Cannibalism and Kuru[edit]
Cannibalism among the Fore of the New Guinea highlands was stopped in the 1950s and by the 1990s, most of the people who’d taken part in the cannibal feasts had developed kuru and died. Yet inexplicably, there were some who were still perfectly healthy. Alpers and his colleagues were able to show these survivors had a particular gene profile – one that protected them from Kuru. Then they compared the Fore’s genes with everyone else on the planet and found that this protection wasn't unusual-many people from Europe, Asia, and Africa, had the same protective genes. The conclusion was that at some stage in our prehistory, maybe 500,000 years ago, our forebears were routinely eating their dead.[7] Alpers and his work are the main theme of Kuru: The Science and the Sorcery (2010).[8] He is interviewed in The Genius And The Boys (2009).[9]
https://en.wikipedia.org/wiki/Michael_Alpers
A detailed study here;
http://www.abc.net.au/science/articles/2003/04/11/828800.htm
http://www.iflscience.com/plants-and-animals/our-ancestors-drank-human-skulls/
But it was a cannibal planet long after 500,000 years ago too, right up into the neolithic. Frazer's Golden Bough points to numerous universal cultural traditions that survive as relics of human sacrifice, headhunting and cannibalism at harvest time, lending strong evidence that the first agriculturalists practiced all three.
In my 25 years of research into man's prehistoric past, I have found numerous citations of cannibalism and human sacrifice in every continent and nearly every culture's ancient history (with the exception of Africa and Australia, where evidence is more tentative). These practices continued through the neolithic in nearly every Eurasian culture. Its abandonment usually coincides with the introduction of Buddhism or a monotheistic religion (Especially Zoroastrianism and the related Abrahamic religions, such as Christianity and Islam). The proto-indo-european religions from which Hinduism and the Greek and Roman gods are said to have originated may have also played a part in the process of eliminating specifically cannibalism, but so far I've not found evidence of a ban on headhunting or sacrifice in the earliest related cultures and their texts.

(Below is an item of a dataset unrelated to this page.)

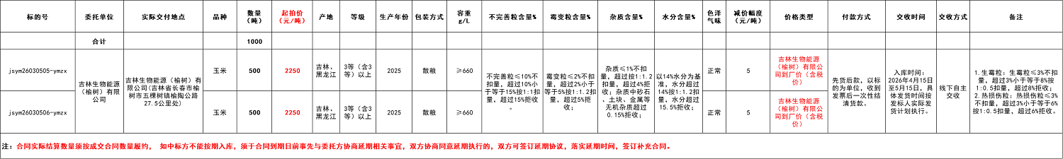 2.本次竞价采购交易起拍价:2250元/吨,竞价幅度为人民币5元/吨。交易价格类型为吉林生物能源(榆树)有限公司送到价。

The Fore, the tribe which inspired these studies, obtained the disease upon adopting cannibalism. They had little resistance in their genome before the epidemic and survivors were primarily those with the resistant gene.
The Fore are dominated by Y Hap C, which is thought to have been predominant in Australia during the late pleistocene. Unlike most peoples, Australian aborigines have little if any history of cannibalism. In most PNG tribes besides the Fore and a few others, Y hap C is rare and prion disease restance is ubiquitous. Elsewhere, resistance reaches it's highest level in Japan and parts of India.
Though sub-saharan Africans such as the Hadza and San have not been tested for prion disease immunity, they are among the few peoples colonial explorers never accused of cannibalism. No evidence of cannibalism has been documented among them or their possible ancestors. However, multiple reports hint the pygmy tribes may sometimes be victims of cannibals from neigboring Bantu tribes even today. Australian and African hunter-gatherers also exhibit less Neanderthal introgression than the vast majority of other populations, including the Bantu.
Neanderthal cannibalism is well documented and seems to have continued in the homo sapiens who assimilated them.
It seems that unless you are an Australian aborigine or sub-saharan African, you likely descend from cannibalistic neanderthal hybrids. I definitely do, so please don't take me wrong. I've got close to 4% Neanderthal introgression myself. My ancestral Y haplogroup (Hap R) is a sister group to the two Haplogroups who ate and mated with the paleolithic Papua New Guineans(Haps S and M). My haplogroups other sister group is the one that ate and mated with the former paleoamericans(Hap Q). My ancestor and hisbrothers (Haplogroups inside F) ate and mated with 70% of the planet. The men of Y Haplogroup DE ate and mated with 29% that we didn't get to.
The San and Hadza's ancestors may be the only people who escaped the spread of Neanderthal genes by their cannibalistic hybrid offspring. And it seems these two peoples had to assimilate certain genes to do so, bearing evidence of two Archaic African Hominids in their immunity systems. It's likely they went where invading northerners couldn't go; Malaria infested jungles and sun drenched deserts.
My ancestor was brought out of a cannibalistic, human sacrificing, headhunting, barbaric state by the spread of a monotheistic religion. Unless you're an African hunter-gatherer or Australian aborigine, you probably have a cannibal ancestor too.